The factors that supported, developed or enhanced systems resilience were initially identified through an inductive thematic approach [ 29 ] by two authors (LAE, MS). Themes and sub-themes were then discussed and agreed by the researchers using an iterative process. Upon further analysis and reflection of the themes, it was clear that a number of the themes aligned with the ‘capacities’ for resilience outlined by Lyng et al. [ 30 ]. Therefore, in the next phase, a deductive approach was taken where the themes and sub-themes were mapped to eight of the resilience ‘capacities’. Some minor amendments were made based upon differences in themes identified in the literature included in the present review compared with the capacities. Two of the ‘capacities’ outlined by Lyng et al. [ 30 ], namely ‘competence’ and ‘facilitators’, were not included owing to the lack of data mapping to these themes, as identified from the initial inductive analysis. Themes and subthemes were cross-referenced across all studies to ensure that the revised thematic map captured the meaning across all the included studies. The last phase involved defining the themes (see Table  1 for definitions as applied in this study). Consequences of maintaining resilient performance were similarly identified using an inductive thematic approach [ 29 ] by two authors (LAE, MS).

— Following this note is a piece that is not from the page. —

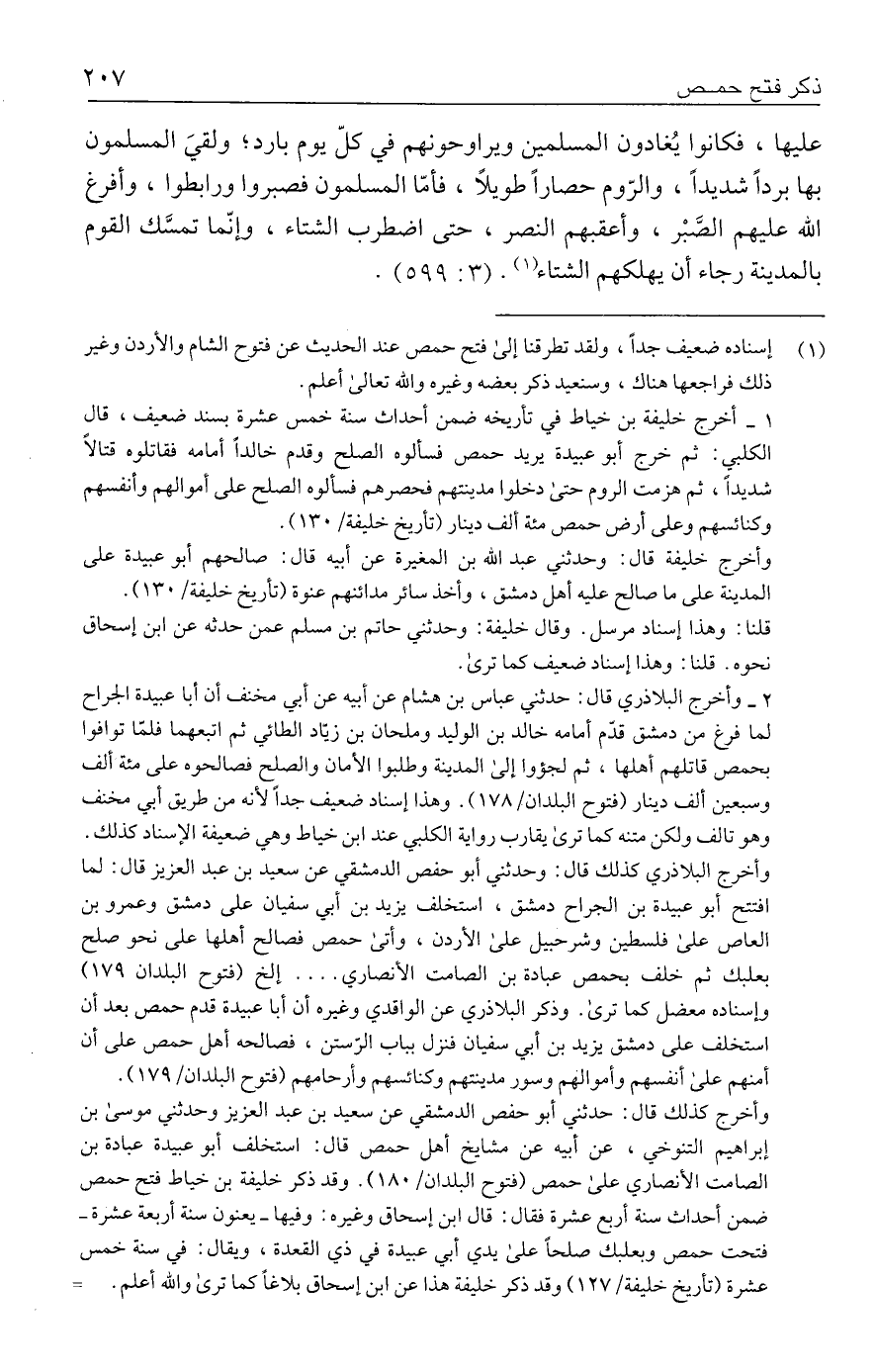 (١) إسناده ضعيف جدًّا، ولقد تطرقنا إلى فتح حمص عند الحديث عن فتوح الشام والأردن وغير ذلك فراجعها هناك، وسنعيد ذكر بعضه وغيره والله تعالى أعلم.

Overview of included studies

The initial search retrieved a total of 5844 publications. After removing duplicates, 4634 remained for title and/or abstract review. Following title and/or abstract screening, 4404 publications were discarded as they did not meet the inclusion criteria. Based on the full-text assessment, a further 184 publications did not meet the inclusion criteria, resulting in 50 publications included in this review (see Supplementary File 3 for included articles). Figure  2 demonstrates the inclusion and exclusion of papers at each stage of the screening process.

figure 2

PRISMA flow diagram for study selection process

Summary characteristics of the included studies

A summary of the key characteristics of the included papers is provided in Table  2 . The 50 studies were spread widely, across 45 different journals, with Safety Science (n = 3, 6.0%) and the International Journal of Health Policy and Management (n = 3, 6.0%) being the most popular. The source location was also spread widely, across 25 different countries, with most corresponding authors from the United Kingdom (n = 8, 16.0%), followed by the United States (n = 6, 12.0%). Although most studies were restricted to high-income countries (n = 34, 68%), a notable number of corresponding authors were identified from low- and middle-income countries (LMIC) (n = 16, 32.0%), and with four (8%) of these being from Brazil.

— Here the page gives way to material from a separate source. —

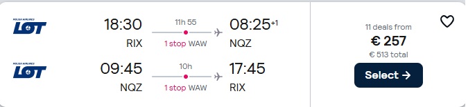Rīga – Astana piem. 6.-14.04. 257 EUR turp un atpakaļ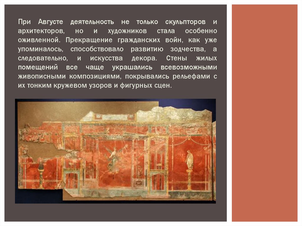 При Августе деятельность не только скульпторов иархитекторов, но и художников стала особенно

Close to half (n = 20, 40%) of the studies were conducted in the context of hospitals, which generally involved hospital healthcare workers and/or hospital leaders as participants. Four studies (8%) [ 31 , 32 , 33 , 34 ] were specifically focused on supply chain issues related to medical supply availability in the context of system adaptability and resilience, and its impact on the healthcare system more broadly. Of the studies conducted in the context of community and specialised care (n = 15, 30%), a number were focused on the resilient performance of aged care services [ 35 , 36 , 37 ] or community mental health services [ 38 , 39 , 40 ]. Primary care was a setting in seven studies (14%), with a focus on the perspectives of primary care providers in relation to healthcare system resilience [ 38 , 41 , 42 , 43 , 44 , 45 , 46 ]. Over half of the studies were classified as being at the meso level (n = 29, 58%) of the healthcare system, with fewer studies being at the micro level (n = 17, 34%) or macro level (n = 18, 36%). Notably, eleven (61%) of these macro-level studies, incorporated data from multiple countries, such as a comparison study of health system resilience across six European countries, a comparison study of government actions and their relation to systems resilience between Canada and Australia, and an indicator-based analysis of risk and resilience that incorporated ‘big data’ from 11 countries.

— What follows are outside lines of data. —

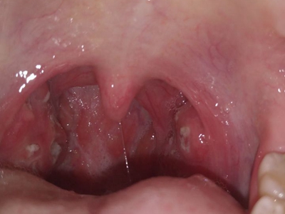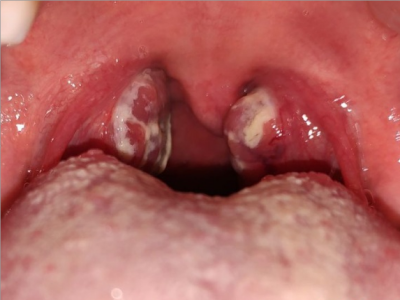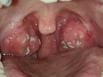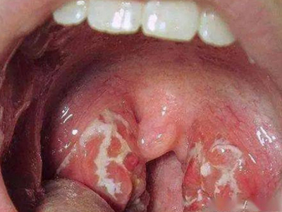 化脓性扁桃体炎喉咙两边出现黄白色膜图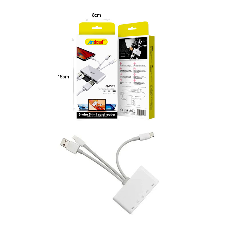 5 σε 1 Lightning+Type C+USB A Card Reader με 3 Καλώδια Andowl Q-Z09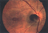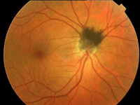 Figura 2. Melanocitoma macular sin afectación del nervio óptico. (Reproducida con permiso del Dr. I. Jürgens, publicada en Arch Ophthalmol. 1994).

Three-quarters of the studies were qualitative (n = 39, 78%), seven were mixed-methods (14%) and four were quantitative (8%). Although most studies utilised primary data alone (n = 39, 78%), seven studies relied on secondary datasets (14%), such as existing big data sources [ 47 ] and questionnaire data [ 48 , 49 ], and a smaller number used both primary and secondary datasets (n = 4, 8%).

Data collection methods and tools to assess RHC

Most of the studies collected data from direct sources (i.e., where participants directly express their experience of how work takes place in practice) [ 16 ], and included interviews (n = 32, 64%), surveys (n = 15, 30%) or focus groups (n = 3, 6%). A smaller number of studies included indirect sources, such as document analysis (n = 9, 18%), observations (n = 4, 8%), and/or simulation (n = 2, 4%). One-third of studies developed and/or used tools to study RHC (n = 17, 34%); of these, over half employed researcher-developed questionnaires to assess or understand resilient performance (n = 11, 65%), three adopted a ‘big data’ indicator-based approach to assess systems resilience for emergency preparedness, two studies drew on the more commonly regarded Functional Resonance Analysis Method (FRAM) [ 50 ], and one study used observation tools based on the “Mayo high performance team scale” [ 51 ] and the “Scrub Practitioners List of Intra-operative Non-Technical Skills (SPLINTS)” [ 52 ].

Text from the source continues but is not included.